Transgender status in New Zealand can currently impact on a child's right to an education. Failure to recognise when a child legally changes gender, being forced to use the wrong toilets, and bullying are problems. Youth 19 research report showed transgender students were five times as likely to be bullied on a weekly basis than their cisgender counterparts.
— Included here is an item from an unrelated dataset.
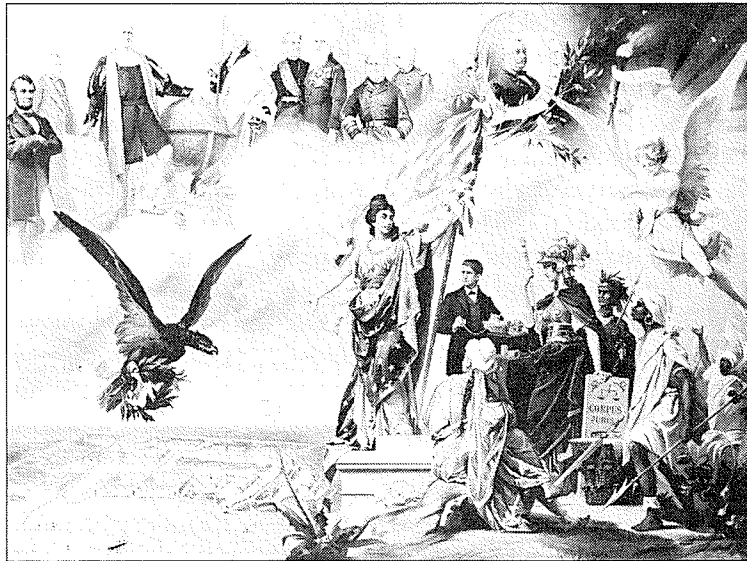
Father of a country he never knew. This 1893 painting establishes Columbus with Lincoln and Washington as America's "holy trinity."

But now the good news: In anticipation of the 500th anniversary an enormous amount of intellectual activity has occurred, in the form of archival discoveries, archaeological excavations, museum and library exhibitions, conferences, and publications. Some 30 new and upcoming adult titles have been enumerated by Publishers Weekly . Over 100 exhibitions and conferences have been counted by the National Endowment for the Humanities. This remarkable efflorescence of original research and scholarship will leave a lasting legacy of understanding and good. On the twin princi-

Some transgender children have been forced to leave schools, or find there is no school that will accept them.   Bullying is a significant problem for transgender students, reported as being almost 5 times higher than that experienced by non-transgender students.  Problems like being assigned a uniform for a gender a child doesn't identify with, pressure from the school to wear it, and being forced to wear that uniform as a punishment have been reported to the Human Rights Commission.

In 2012 a health survey was undertaken of 8,500 New Zealand secondary school students, and discovered that approximately 4% were either transgender or unsure about their gender. 40% of those students who identified as transgender indicated significant depressive symptoms and one in five had attempted suicide in the last year.

Civil and political rights 

Legally changing names and sex / gender identity on official documentation can be a large barrier to transgender people in New Zealand depending on the type of document. Documents such as passports and birth certificates, changing names at schools and universities has often been difficult in the past, and could cause problems for transgender people in the future when their academic record and degree is issued in another name, but changes have been made in the recent years to ease such barriers. Counting Ourselves (2019) report showed over 80% of transgender people in New Zealand had an incorrect gender marker on their birth certificate.

The process for legally changing ones sex on legal documents differ depending on the type of document. To change sex marker on a birth certificate, the applicant must show that they have undergone "permanent medical changes".  In the past this has been interpreted as meaning that a transgender person who has not had genital reconstruction surgery cannot change their sex on their birth certificate, but this has since been updated to be a case-by-case assessment, therefore full genital reconstruction surgery may not always be necessary. When the Births, Deaths, Marriages, and Relationships Registration Act 2021 comes into force in 2023, applicants who were born in New Zealand will be able to change the sex marker on their birth certificate by applying to the Registrar of Births, Deaths and Marriages, along with a statutory declaration of their gender identity and paying the prescribed fee. Minors under 18 will also need consent of their legal guardian or a letter of recommendation from a suitable third party (such as, but not limited to, a health professional) that the minor gives informed consent to changing their sex marker.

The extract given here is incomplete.